As Steve Hagen writes, "The task of this moment, the issue at hand, is to pay attention to what's actually going on in the moment before we make anything of it. It's to realise how the mind conjures up endless ephemeral worlds and that if we would just look at these carefully, they would dissipate like smoke or mist. We need to see what's actually going on rather than focus on what we think."
In other words, mindfulness is about attending to this moment, the one that is happening now, not the past moment or the future moment, seeing it for what it is, which is nothing in particular, nothing graspable. It's about seeing this, gently noticing this, not striving for it, not even thinking about it.
As this noticing becomes habitual, we get caught up in our thought processes less and less. What's left is what has been here all along. We learn to abide in the moment, with gentleness and self-compassion.
Jon leads the Everyday Mindfulness group meditation on Zoom every Monday/Friday, 6pm London-time. FREE.
Follow this link to join the WhatsApp group and receive notifications: https://chat.whatsapp.com/K5j5deTvIHVD7z71H3RIIk

Parabola
Posts: 6

Thu Nov 28, 2013 3:18 pm  

Aw, thanks again for all your kind replies.

Gareth wrote:It is difficult to begin with, and you shouldn't judge yourself for finding it so - this is hard I know. Mindfulness is an incredibly simple concept at it's heart, but we have spent our whole lives following the mind wherever it goes, so it takes time, patience and self-compassion to train it to be otherwise.

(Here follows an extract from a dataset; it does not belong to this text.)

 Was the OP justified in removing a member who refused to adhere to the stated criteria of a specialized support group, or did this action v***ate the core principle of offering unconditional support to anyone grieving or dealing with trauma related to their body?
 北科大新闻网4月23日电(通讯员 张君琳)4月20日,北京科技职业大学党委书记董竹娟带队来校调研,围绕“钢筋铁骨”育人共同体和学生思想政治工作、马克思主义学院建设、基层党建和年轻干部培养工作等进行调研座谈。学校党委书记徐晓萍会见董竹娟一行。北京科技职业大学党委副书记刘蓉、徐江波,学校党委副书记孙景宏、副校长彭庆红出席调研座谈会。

Patience and self-compassion are two qualities I am lacking big time. And I say this now "lovingly" and compassionately, not judgingly ;)
But really, I know this is a part of my personality that is definitely a source of a lot of
suffering. I always want things too much in too little time and am not very forgiving with myself. I am sure these are traits that a lot of people struggling with depression etc have in common.
It's not all "bad" though since it is a part of me and also provides me with a lot of energy to change things, to get something started.

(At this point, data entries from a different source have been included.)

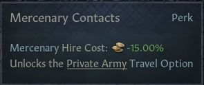 So, with that in mind, what were the themes for the Wayfarer tree? We attached it to Fame (Prestige Experience) and Stress Loss. Attaching it to fame, rather than Prestige, enables us to give out some more sources without worrying about giving out an abundance of Prestige to the player. We also wanted to include a bit of a “friendly ruler traveling through their domain” kind of feel to it, so we have some perks trying to enable that fantasy.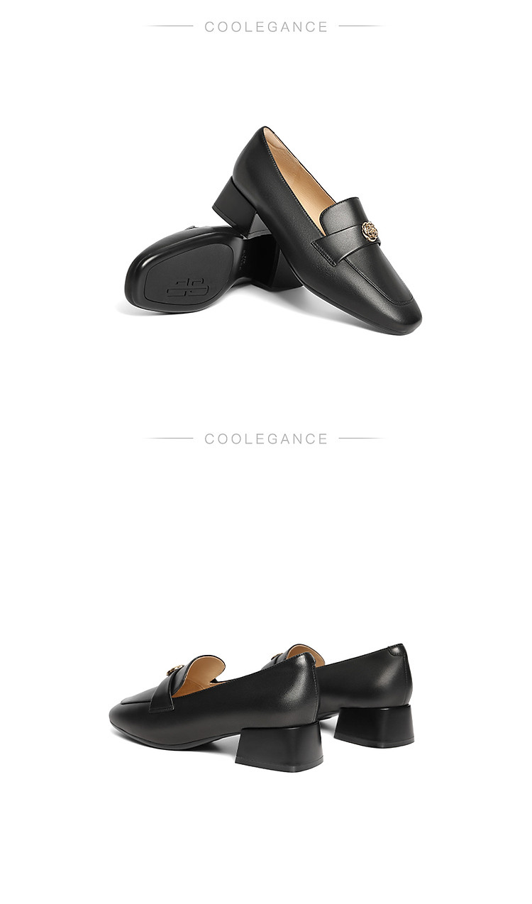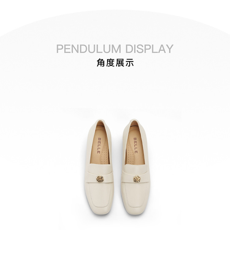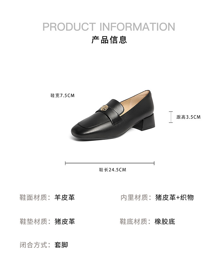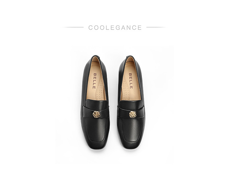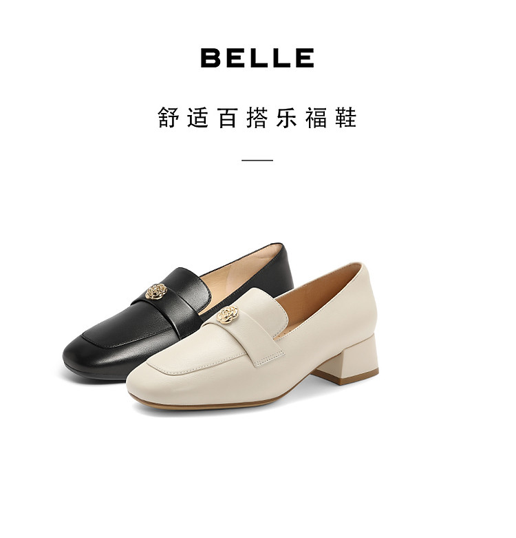 商品名称:百丽女鞋子黑色小皮鞋单鞋高跟一脚蹬上班穿不累脚乐福鞋 583386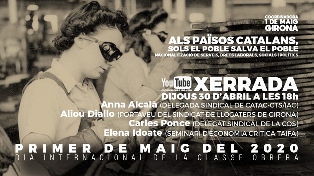 1r de maig: Als Països Catalans, sols el poble salva el poble. Nacionalització de serveis, drets laborals, socials i polítics.

JonW wrote: As you've already realised, mindfulness is nothing like a quick fix. It's the complete opposite of any self-help practice as it's not concerned with getting us to point X when we're at point Y. It's about accepting that we are at point Y and working with that.
Once we start striving for results, mindfulness becomes yet another way of judging ourselves, another way of trying to escape from where we already are.

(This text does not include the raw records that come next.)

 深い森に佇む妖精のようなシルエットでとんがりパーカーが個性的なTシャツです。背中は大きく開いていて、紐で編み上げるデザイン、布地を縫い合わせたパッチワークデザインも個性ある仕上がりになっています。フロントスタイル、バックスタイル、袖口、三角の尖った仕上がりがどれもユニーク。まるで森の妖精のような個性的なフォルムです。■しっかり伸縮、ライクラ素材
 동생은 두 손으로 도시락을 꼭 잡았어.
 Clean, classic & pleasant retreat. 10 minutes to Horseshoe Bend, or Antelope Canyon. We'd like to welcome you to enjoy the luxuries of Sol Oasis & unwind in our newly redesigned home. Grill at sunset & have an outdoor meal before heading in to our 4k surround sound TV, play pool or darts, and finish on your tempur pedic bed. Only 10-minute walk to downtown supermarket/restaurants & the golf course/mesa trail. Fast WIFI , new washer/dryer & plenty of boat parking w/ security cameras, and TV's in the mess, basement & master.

Yes, and I read this and really get it and understand the concept and see the beauty in it. But damn, I know this is really challenging. I am so the type of person to wish for things to be a certain way, to wish myself back and forth...
I am glad I discovered the mindful approach though, it sounds like it was invented for me :D
Will check out the book. I already like "The mindful way through depression" a lot.